RESULTS: The 21 N-glycans in fetuin and another 21 N-glycans in IgG by either PF-ProA or PA-ProA were identified using LC-MS/MS. The N-glycans in fetuin (8-13 N-glycans were previously reported) and in IgG (19 N-glycans were previously reported), which could not be identified by using the widely used PF-AB, were all identified by using PF-ProA or PA-ProA. The quantities (%) of the N-glycans (>0.1 %) relative to the total amount of N-glycans (100 %) obtained by AB- and ProA-labeling using LC-MS/MS had a similar tendency. However, the absolute quantities (pmol) of the N-glycans estimated using UPLC and LC-MS/MS were more efficiently determined with ProA-labeling than with AB-labeling. Thus, PF-ProA or PA-ProA allows for more effective identification and quantification of N-glycans than PF-AB in glycoprotein, particularly bovine fetuin. This study is the first comparative analysis for the identification and relative and absolute quantification of N-glycans in glycoproteins with PF-ProA and PA-ProA using UPLC and LC-MS/MS.
摘要:
背景:糖蛋白中的N-聚糖可以影响蛋白质的理化性质;然而,根据糖蛋白的类型或制备方法,一些报道的N-聚糖结构不一致。
目的:为了获得N-聚糖的定性和定量分析的一致结果,比较了通过不同制备方法获得的两种类型的哺乳动物糖蛋白的N-聚糖。
方法:N-聚糖通过肽-N-糖苷酶F(PF)或A(PA)从两种模型哺乳动物糖蛋白中释放,牛胎球蛋白(具有三个糖基化位点)和人IgG(具有单个糖基化位点),并用荧光标签[2-氨基苯甲酰胺(AB)或普鲁卡因胺(ProA)]标记。使用UPLC和LC-MS/MS确定每种N-聚糖的结构和数量。

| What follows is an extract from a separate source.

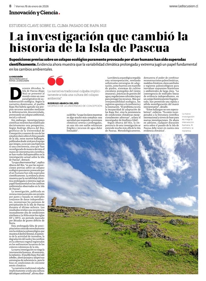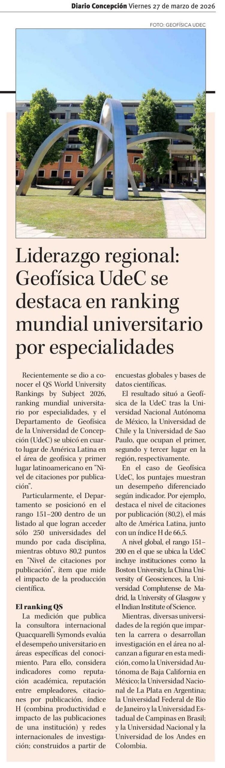 | Investigadores de Geofísica UdeC liderarán en Sudamérica estudio satelital de los océanos | Diario La Discusión | 1 de abril | Rodrigo Abarca del Río |

结果:使用LC-MS/MS鉴定了PF-ProA或PA-ProA在胎球蛋白中的21个N-聚糖和IgG中的另21个N-聚糖。胎球蛋白中的N-聚糖(先前报道了8-13个N-聚糖)和IgG中的N-聚糖(先前报道了19个N-聚糖),使用广泛使用的PF-AB无法识别,全部通过使用PF-ProA或PA-ProA鉴定。相对于使用LC-MS/MS通过AB-和ProA-标记获得的N-聚糖的总量(100%),N-聚糖的量(%)(>0.1%)具有相似的趋势。然而,使用UPLC和LC-MS/MS估计的N-聚糖的绝对量(pmol)用ProA标记比用AB标记更有效地确定。因此,PF-ProA或PA-ProA可以更有效地鉴定和定量N-聚糖比PF-AB在糖蛋白中,尤其是牛胎球蛋白。这项研究是使用UPLC和LC-MS/MS的PF-ProA和PA-ProA鉴定糖蛋白中N-聚糖的相对和绝对定量的首次比较分析。
目的:为了获得N-聚糖的定性和定量分析的一致结果,比较了通过不同制备方法获得的两种类型的哺乳动物糖蛋白的N-聚糖。
方法:N-聚糖通过肽-N-糖苷酶F(PF)或A(PA)从两种模型哺乳动物糖蛋白中释放,牛胎球蛋白(具有三个糖基化位点)和人IgG(具有单个糖基化位点),并用荧光标签[2-氨基苯甲酰胺(AB)或普鲁卡因胺(ProA)]标记。使用UPLC和LC-MS/MS确定每种N-聚糖的结构和数量。
结果:使用LC-MS/MS鉴定了PF-ProA或PA-ProA在胎球蛋白中的21个N-聚糖和IgG中的另21个N-聚糖。胎球蛋白中的N-聚糖(先前报道了8-13个N-聚糖)和IgG中的N-聚糖(先前报道了19个N-聚糖),使用广泛使用的PF-AB无法识别,全部通过使用PF-ProA或PA-ProA鉴定。相对于使用LC-MS/MS通过AB-和ProA-标记获得的N-聚糖的总量(100%),N-聚糖的量(%)(>0.1%)具有相似的趋势。然而,使用UPLC和LC-MS/MS估计的N-聚糖的绝对量(pmol)用ProA标记比用AB标记更有效地确定。因此,PF-ProA或PA-ProA可以更有效地鉴定和定量N-聚糖比PF-AB在糖蛋白中,尤其是牛胎球蛋白。这项研究是使用UPLC和LC-MS/MS的PF-ProA和PA-ProA鉴定糖蛋白中N-聚糖的相对和绝对定量的首次比较分析。